**Assignment**
Produce as output only the lines below starting at the line with "Der russische Angriffskrieg" and continuing through the line with "Golfino ad incrocio", each one exactly as written.

**Stored data**
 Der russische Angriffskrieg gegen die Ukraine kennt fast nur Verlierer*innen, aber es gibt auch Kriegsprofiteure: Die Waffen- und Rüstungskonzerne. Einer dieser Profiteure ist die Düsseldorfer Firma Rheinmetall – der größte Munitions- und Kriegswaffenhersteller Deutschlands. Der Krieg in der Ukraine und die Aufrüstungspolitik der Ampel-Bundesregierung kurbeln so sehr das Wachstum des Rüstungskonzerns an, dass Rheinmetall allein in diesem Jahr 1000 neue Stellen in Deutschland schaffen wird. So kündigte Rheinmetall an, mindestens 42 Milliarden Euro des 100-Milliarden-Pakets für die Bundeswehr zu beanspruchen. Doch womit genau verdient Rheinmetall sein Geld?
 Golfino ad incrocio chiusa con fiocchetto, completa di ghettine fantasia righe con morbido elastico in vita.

* * *

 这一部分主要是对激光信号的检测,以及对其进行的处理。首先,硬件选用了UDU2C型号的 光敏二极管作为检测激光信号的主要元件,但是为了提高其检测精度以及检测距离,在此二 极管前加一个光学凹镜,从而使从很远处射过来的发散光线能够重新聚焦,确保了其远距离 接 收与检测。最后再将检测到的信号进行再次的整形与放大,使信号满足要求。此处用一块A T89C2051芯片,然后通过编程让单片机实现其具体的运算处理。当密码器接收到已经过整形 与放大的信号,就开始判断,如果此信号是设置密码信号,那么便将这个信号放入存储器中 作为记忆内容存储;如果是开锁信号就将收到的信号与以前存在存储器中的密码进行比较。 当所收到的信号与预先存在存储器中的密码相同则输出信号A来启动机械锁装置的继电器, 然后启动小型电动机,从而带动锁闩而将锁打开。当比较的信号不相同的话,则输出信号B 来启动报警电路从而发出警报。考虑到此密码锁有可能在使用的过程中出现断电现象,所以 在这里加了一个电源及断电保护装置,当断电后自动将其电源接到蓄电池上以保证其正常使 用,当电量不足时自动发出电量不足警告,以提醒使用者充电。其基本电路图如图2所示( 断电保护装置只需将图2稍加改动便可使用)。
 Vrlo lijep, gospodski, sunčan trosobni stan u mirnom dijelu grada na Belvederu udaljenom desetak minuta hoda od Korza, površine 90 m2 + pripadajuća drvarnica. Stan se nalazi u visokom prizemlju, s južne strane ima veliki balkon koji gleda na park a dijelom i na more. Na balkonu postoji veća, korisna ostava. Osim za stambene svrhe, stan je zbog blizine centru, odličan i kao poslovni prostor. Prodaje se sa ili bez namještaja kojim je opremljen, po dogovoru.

**Solution to this problem**
 Der russische Angriffskrieg gegen die Ukraine kennt fast nur Verlierer*innen, aber es gibt auch Kriegsprofiteure: Die Waffen- und Rüstungskonzerne. Einer dieser Profiteure ist die Düsseldorfer Firma Rheinmetall – der größte Munitions- und Kriegswaffenhersteller Deutschlands. Der Krieg in der Ukraine und die Aufrüstungspolitik der Ampel-Bundesregierung kurbeln so sehr das Wachstum des Rüstungskonzerns an, dass Rheinmetall allein in diesem Jahr 1000 neue Stellen in Deutschland schaffen wird. So kündigte Rheinmetall an, mindestens 42 Milliarden Euro des 100-Milliarden-Pakets für die Bundeswehr zu beanspruchen. Doch womit genau verdient Rheinmetall sein Geld?
 Golfino ad incrocio chiusa con fiocchetto, completa di ghettine fantasia righe con morbido elastico in vita.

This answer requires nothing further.